[Work request] Given the records below, the lines starting at the line with "monoklines Kristallsystem; gelb, orange" and ending at the line with "Шнерх С. С. Транспортно-технологічне" should be output exactly, both end lines kept and pictures left out.
-- Data shown follows --
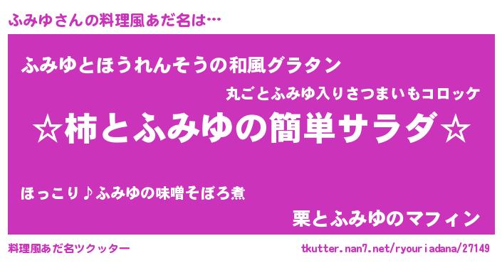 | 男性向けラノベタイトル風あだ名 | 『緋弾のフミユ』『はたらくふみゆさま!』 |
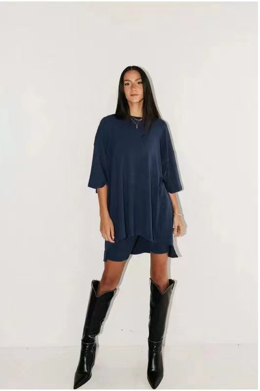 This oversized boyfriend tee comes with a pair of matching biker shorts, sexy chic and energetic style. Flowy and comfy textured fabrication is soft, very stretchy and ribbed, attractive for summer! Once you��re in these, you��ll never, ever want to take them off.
-- Data shown concluded --
-- Data shown follows --
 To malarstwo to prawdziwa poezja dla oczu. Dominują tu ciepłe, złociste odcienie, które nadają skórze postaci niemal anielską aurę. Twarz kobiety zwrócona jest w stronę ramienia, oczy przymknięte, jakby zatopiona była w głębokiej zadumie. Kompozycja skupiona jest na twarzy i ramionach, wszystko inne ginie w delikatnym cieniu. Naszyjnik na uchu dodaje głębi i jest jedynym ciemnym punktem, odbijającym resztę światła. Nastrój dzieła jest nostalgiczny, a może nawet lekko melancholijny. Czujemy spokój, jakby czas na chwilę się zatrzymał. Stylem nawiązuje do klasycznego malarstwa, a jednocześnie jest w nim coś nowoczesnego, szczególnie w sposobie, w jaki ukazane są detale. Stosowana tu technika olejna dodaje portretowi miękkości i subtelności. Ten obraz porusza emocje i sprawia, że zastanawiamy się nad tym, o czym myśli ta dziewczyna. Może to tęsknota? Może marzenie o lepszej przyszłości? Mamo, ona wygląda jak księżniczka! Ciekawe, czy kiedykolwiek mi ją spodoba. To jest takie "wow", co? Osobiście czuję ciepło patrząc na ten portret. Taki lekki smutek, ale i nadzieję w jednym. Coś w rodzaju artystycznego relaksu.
-- Data shown concluded --
-- Data shown follows --
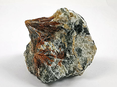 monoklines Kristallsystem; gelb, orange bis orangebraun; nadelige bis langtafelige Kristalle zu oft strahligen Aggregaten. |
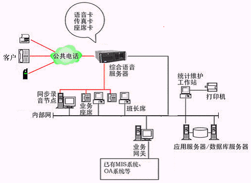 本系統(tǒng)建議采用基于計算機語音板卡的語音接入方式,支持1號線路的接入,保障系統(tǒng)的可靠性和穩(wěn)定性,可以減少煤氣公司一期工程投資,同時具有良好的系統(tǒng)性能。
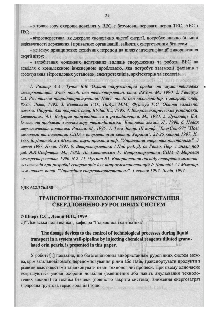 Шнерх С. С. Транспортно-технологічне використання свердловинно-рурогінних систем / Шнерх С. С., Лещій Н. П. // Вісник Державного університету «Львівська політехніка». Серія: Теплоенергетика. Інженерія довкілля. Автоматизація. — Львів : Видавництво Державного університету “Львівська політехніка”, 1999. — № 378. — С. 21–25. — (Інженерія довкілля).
-- Data shown concluded --
[Response below]
 monoklines Kristallsystem; gelb, orange bis orangebraun; nadelige bis langtafelige Kristalle zu oft strahligen Aggregaten. |
 本系統(tǒng)建議采用基于計算機語音板卡的語音接入方式,支持1號線路的接入,保障系統(tǒng)的可靠性和穩(wěn)定性,可以減少煤氣公司一期工程投資,同時具有良好的系統(tǒng)性能。
 Шнерх С. С. Транспортно-технологічне використання свердловинно-рурогінних систем / Шнерх С. С., Лещій Н. П. // Вісник Державного університету «Львівська політехніка». Серія: Теплоенергетика. Інженерія довкілля. Автоматизація. — Львів : Видавництво Державного університету “Львівська політехніка”, 1999. — № 378. — С. 21–25. — (Інженерія довкілля).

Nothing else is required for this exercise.